After blowing up the deficit by trillions of dollars to hand billionaires and corporations a massive windfall, the majority is pinching pennies by kicking Americans, including children, out of their homes and onto the streets.
While housing costs are escalating faster than Americans can keep up, so too are the costs of transportation. New cars, used cars, and insurance are all making transportation unaffordable. So, what does the majority’s bill do to help? Gut investments in our transit networks that relieve Americans of high transportation costs.
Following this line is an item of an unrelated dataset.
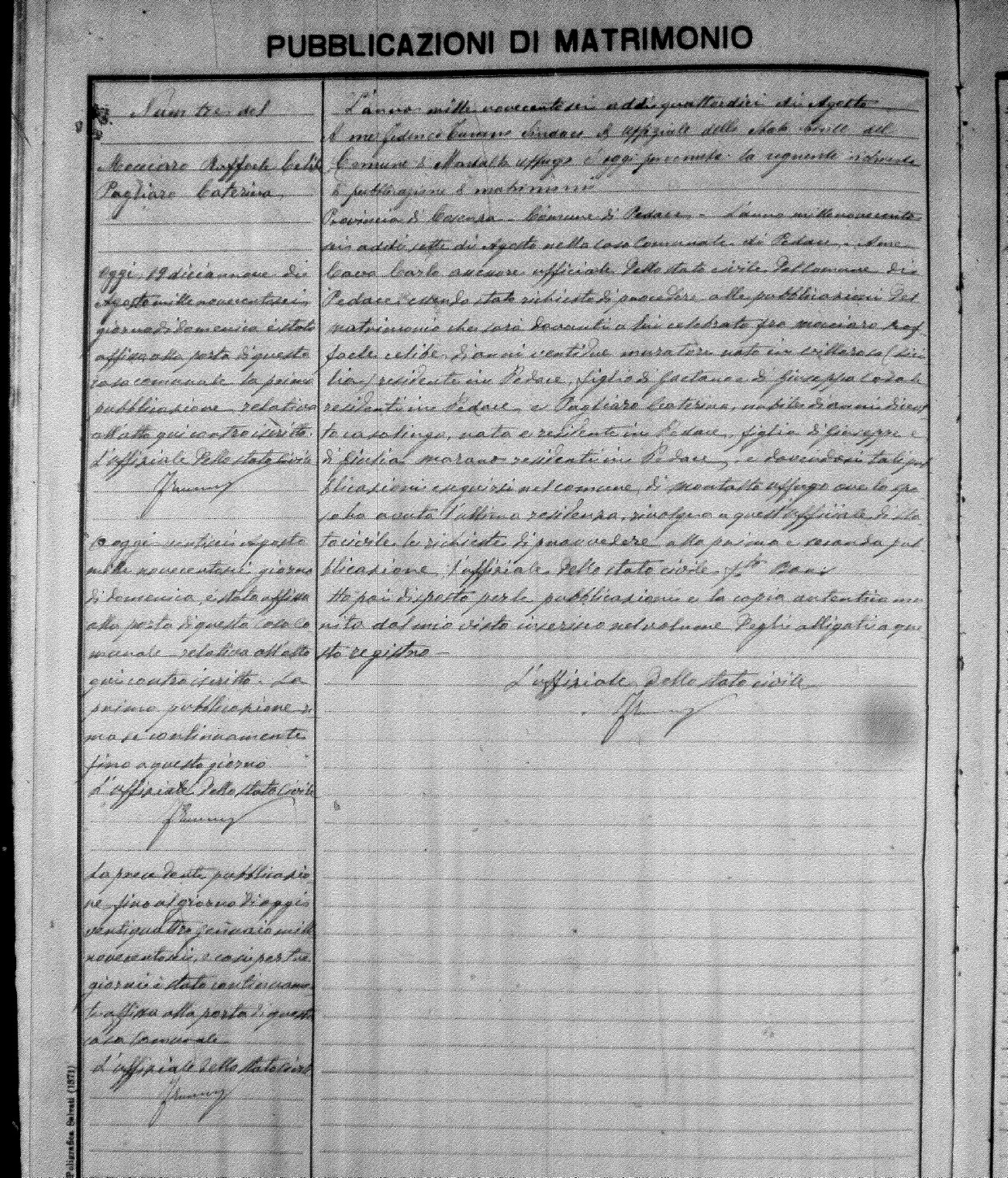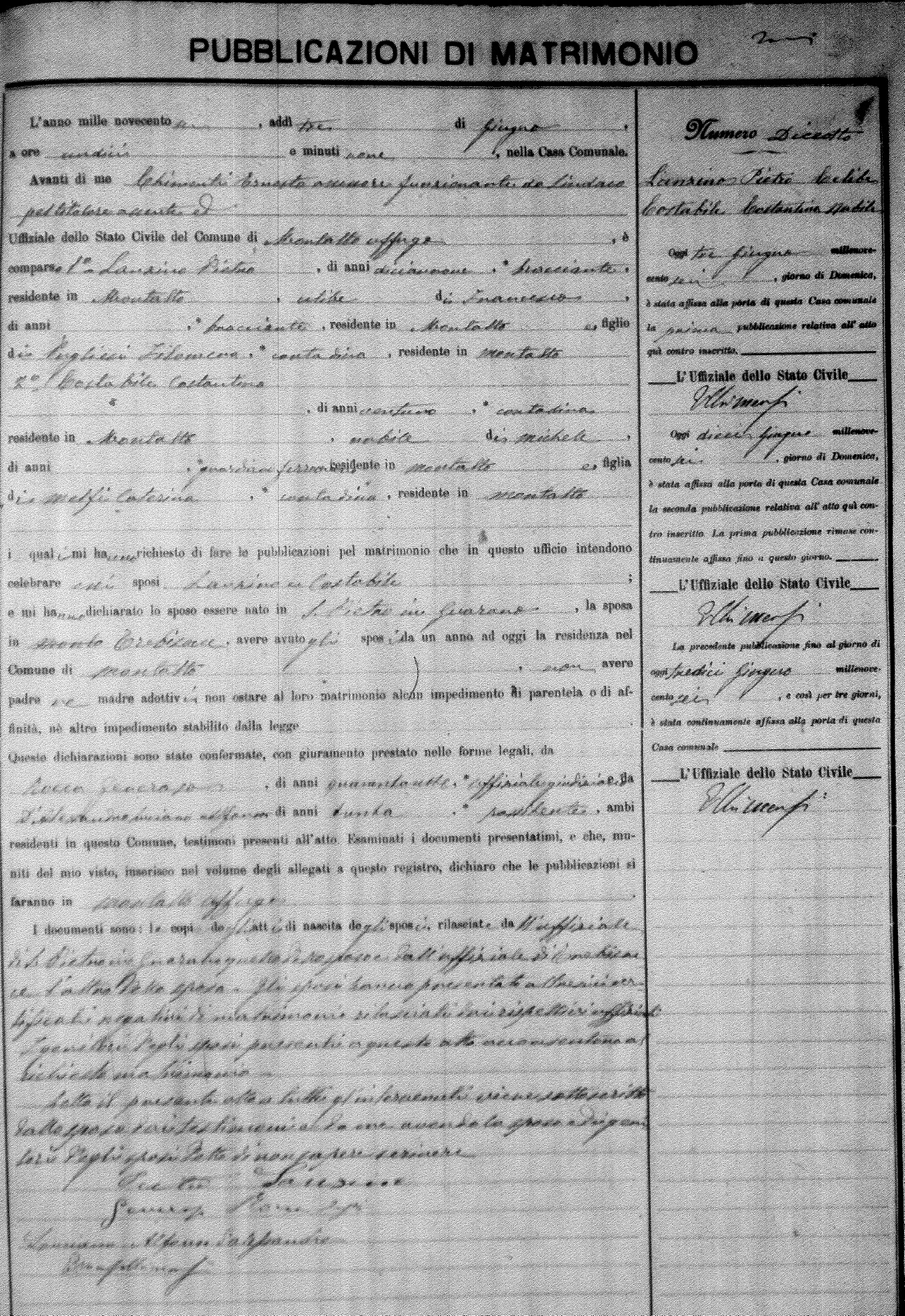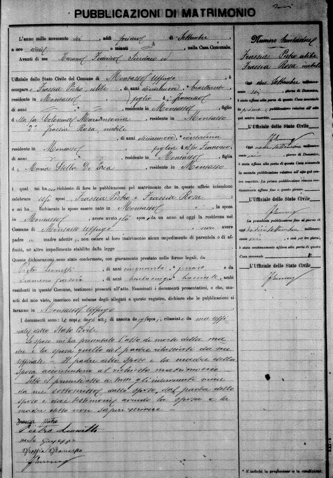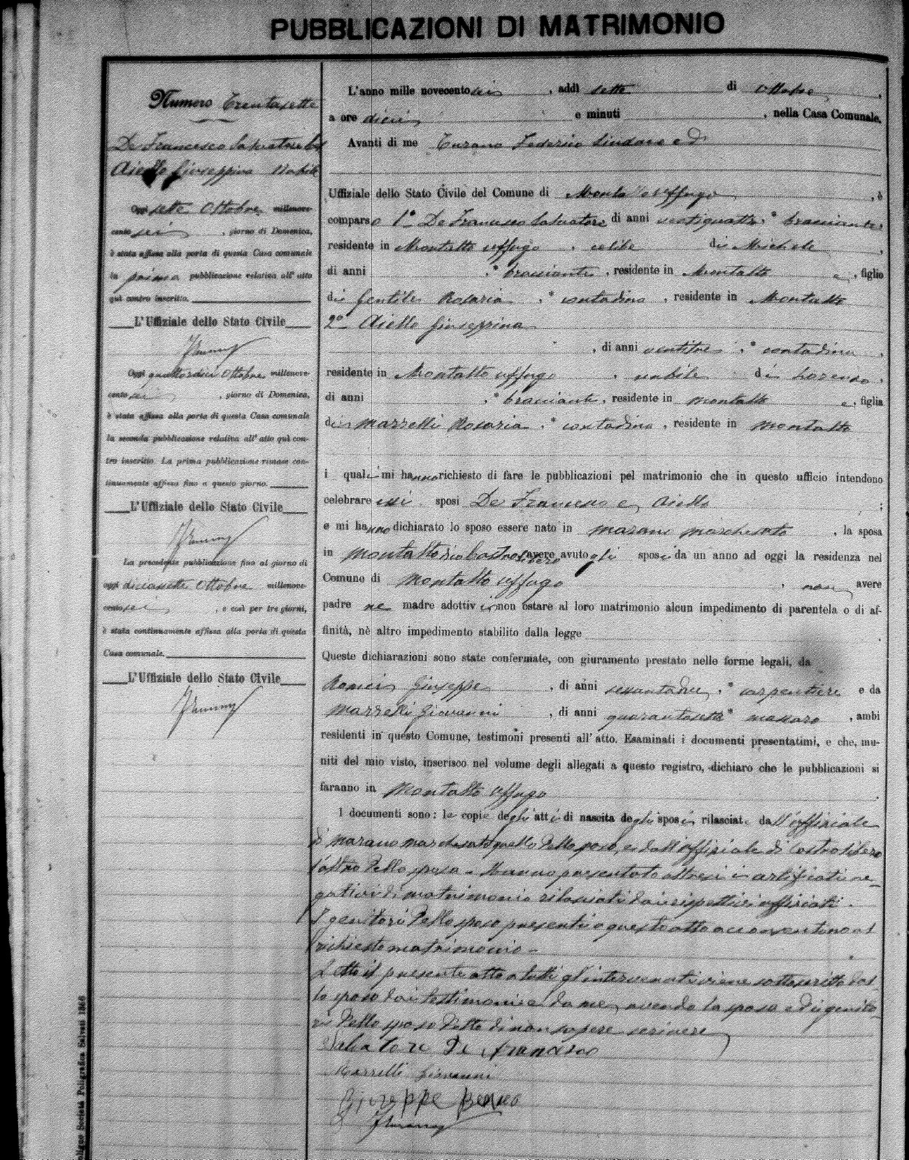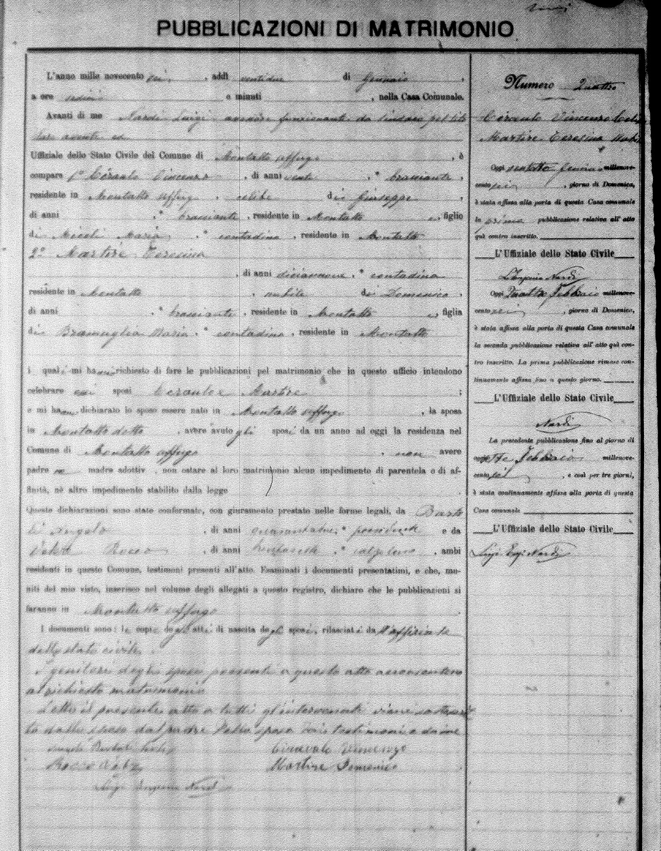 Here are the extractions for the marriage banns in 1906 for Montalto Uffugo. Each extraction has a link to a copy of the original document on the groom's surname. Please note: (fu) indicates the the person was deceased at the time of the marriage bann. For a translation of the basic Pubblicazioni document, look here.

No discretionary funding for Amtrak’s National Network and Northeast Corridor – a robbing Peter to pay Paul gimmick – are you kidding me? The majority is zeroing out investments for Amtrak, forcing the railroad to dig in the couch cushions in hopes of finding what they need to pay their workers, maintain service, and keep their train system safe – as you walk away from investments that actually transform our intercity passenger rail system? Did your constituents go to your town halls and tell you they are desperate for more traffic on our roads?
Business travelers and commuters rely on Amtrak service to get to work. This bill kicks the can on rail infrastructure improvements already underway from New York to Norman, Oklahoma.
This bill’s evisceration of commuter transportation does not just impact Amtrak, it halts projects that improve rail and bus operations everywhere from Miami, to Salt Lake City, to Columbus, to San Antonio.
Americans cannot keep up with the costs of housing and transportation, and this committee has more power than most to do something about it. But unfortunately, the majority has instead pursued draconian funding levels, and a pro-eviction, pro-road congestion agenda that will only make household budgets tighter.
But, hey, at least the billionaires in President Trump’s cabinet and corporations like Exxon Mobil are getting even more tax breaks. I am sure those will trickle down any day now.
I cannot support this bill. I yield back.